» Problem to solve: Pictures are to be left out, and the rest of the records reproduced exactly.
BEGIN
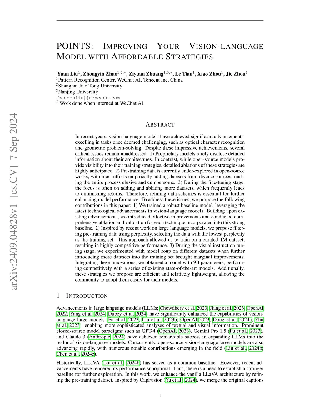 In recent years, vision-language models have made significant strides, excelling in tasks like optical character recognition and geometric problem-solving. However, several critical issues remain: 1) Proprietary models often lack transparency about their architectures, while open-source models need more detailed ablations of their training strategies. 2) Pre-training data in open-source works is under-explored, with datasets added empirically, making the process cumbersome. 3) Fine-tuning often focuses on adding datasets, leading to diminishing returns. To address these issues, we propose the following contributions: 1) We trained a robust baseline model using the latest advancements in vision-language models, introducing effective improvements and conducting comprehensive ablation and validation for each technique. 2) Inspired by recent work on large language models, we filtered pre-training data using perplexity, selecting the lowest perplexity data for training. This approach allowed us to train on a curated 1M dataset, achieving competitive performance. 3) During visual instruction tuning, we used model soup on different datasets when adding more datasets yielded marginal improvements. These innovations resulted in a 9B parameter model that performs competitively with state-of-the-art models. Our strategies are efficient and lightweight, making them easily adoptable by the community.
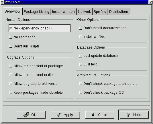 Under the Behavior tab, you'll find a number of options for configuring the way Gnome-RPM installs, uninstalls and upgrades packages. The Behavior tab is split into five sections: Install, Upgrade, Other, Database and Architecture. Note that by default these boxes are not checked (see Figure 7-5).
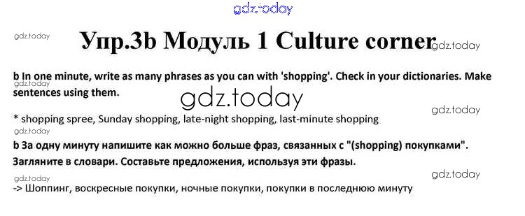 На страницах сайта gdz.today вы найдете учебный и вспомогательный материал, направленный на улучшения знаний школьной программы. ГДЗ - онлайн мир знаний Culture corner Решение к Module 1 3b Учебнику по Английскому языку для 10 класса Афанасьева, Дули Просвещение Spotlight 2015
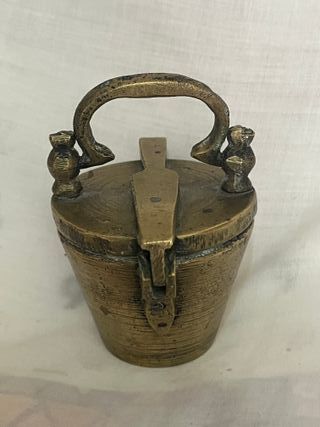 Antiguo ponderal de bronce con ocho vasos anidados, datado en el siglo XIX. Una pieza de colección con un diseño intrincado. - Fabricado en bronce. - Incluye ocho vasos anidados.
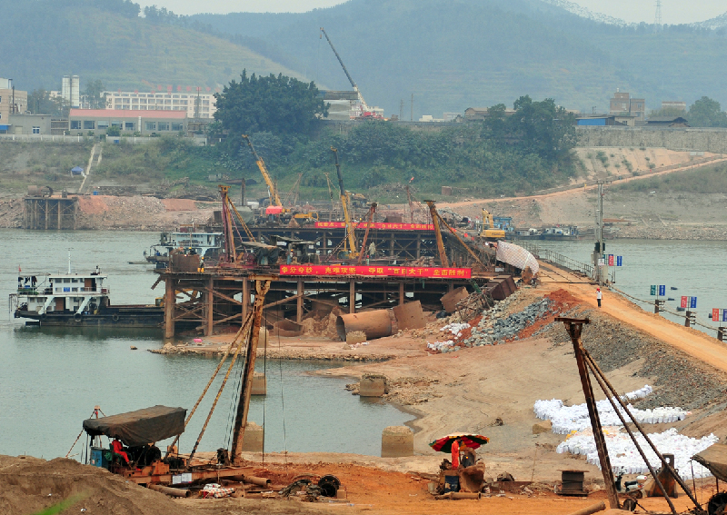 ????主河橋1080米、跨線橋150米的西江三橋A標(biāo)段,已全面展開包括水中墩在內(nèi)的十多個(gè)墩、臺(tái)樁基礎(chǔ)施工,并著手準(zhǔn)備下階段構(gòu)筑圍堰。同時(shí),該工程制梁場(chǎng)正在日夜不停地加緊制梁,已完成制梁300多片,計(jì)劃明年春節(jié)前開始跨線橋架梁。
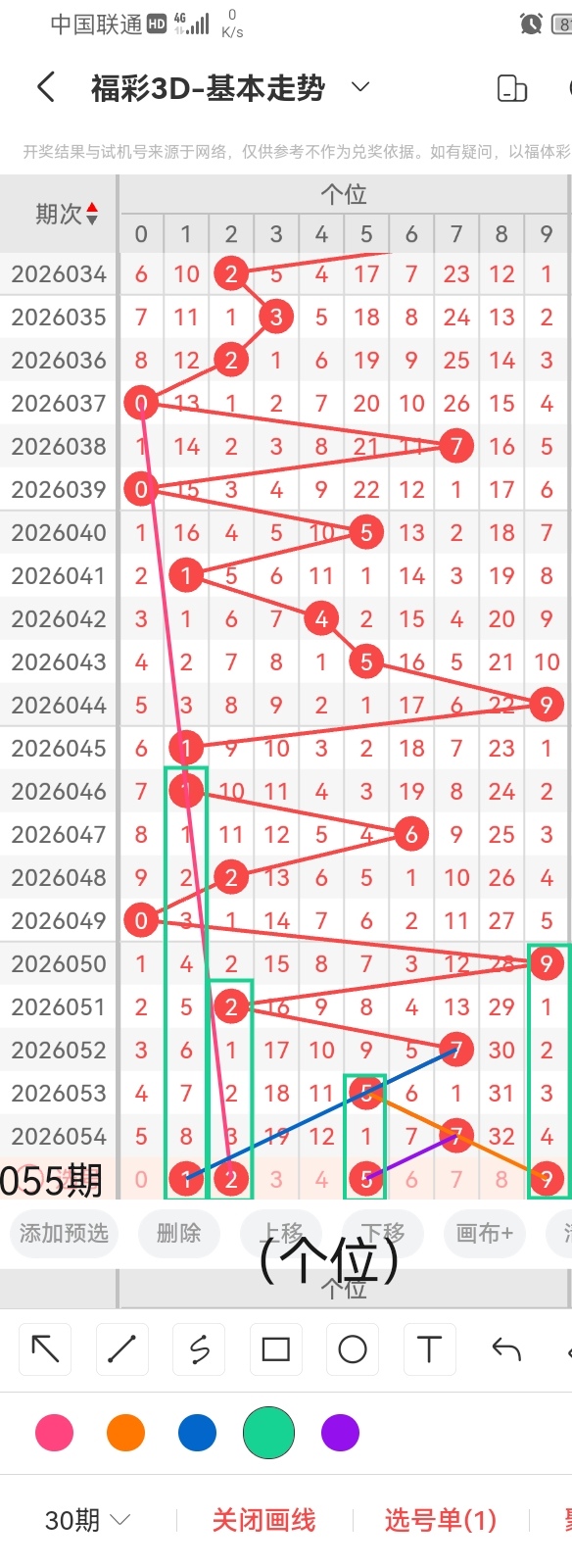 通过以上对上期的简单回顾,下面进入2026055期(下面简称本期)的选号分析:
END
» Exercise solution:
 In recent years, vision-language models have made significant strides, excelling in tasks like optical character recognition and geometric problem-solving. However, several critical issues remain: 1) Proprietary models often lack transparency about their architectures, while open-source models need more detailed ablations of their training strategies. 2) Pre-training data in open-source works is under-explored, with datasets added empirically, making the process cumbersome. 3) Fine-tuning often focuses on adding datasets, leading to diminishing returns. To address these issues, we propose the following contributions: 1) We trained a robust baseline model using the latest advancements in vision-language models, introducing effective improvements and conducting comprehensive ablation and validation for each technique. 2) Inspired by recent work on large language models, we filtered pre-training data using perplexity, selecting the lowest perplexity data for training. This approach allowed us to train on a curated 1M dataset, achieving competitive performance. 3) During visual instruction tuning, we used model soup on different datasets when adding more datasets yielded marginal improvements. These innovations resulted in a 9B parameter model that performs competitively with state-of-the-art models. Our strategies are efficient and lightweight, making them easily adoptable by the community.
 Under the Behavior tab, you'll find a number of options for configuring the way Gnome-RPM installs, uninstalls and upgrades packages. The Behavior tab is split into five sections: Install, Upgrade, Other, Database and Architecture. Note that by default these boxes are not checked (see Figure 7-5).
 На страницах сайта gdz.today вы найдете учебный и вспомогательный материал, направленный на улучшения знаний школьной программы. ГДЗ - онлайн мир знаний Culture corner Решение к Module 1 3b Учебнику по Английскому языку для 10 класса Афанасьева, Дули Просвещение Spotlight 2015
 Antiguo ponderal de bronce con ocho vasos anidados, datado en el siglo XIX. Una pieza de colección con un diseño intrincado. - Fabricado en bronce. - Incluye ocho vasos anidados.
 ????主河橋1080米、跨線橋150米的西江三橋A標(biāo)段,已全面展開包括水中墩在內(nèi)的十多個(gè)墩、臺(tái)樁基礎(chǔ)施工,并著手準(zhǔn)備下階段構(gòu)筑圍堰。同時(shí),該工程制梁場(chǎng)正在日夜不停地加緊制梁,已完成制梁300多片,計(jì)劃明年春節(jié)前開始跨線橋架梁。
 通过以上对上期的简单回顾,下面进入2026055期(下面简称本期)的选号分析:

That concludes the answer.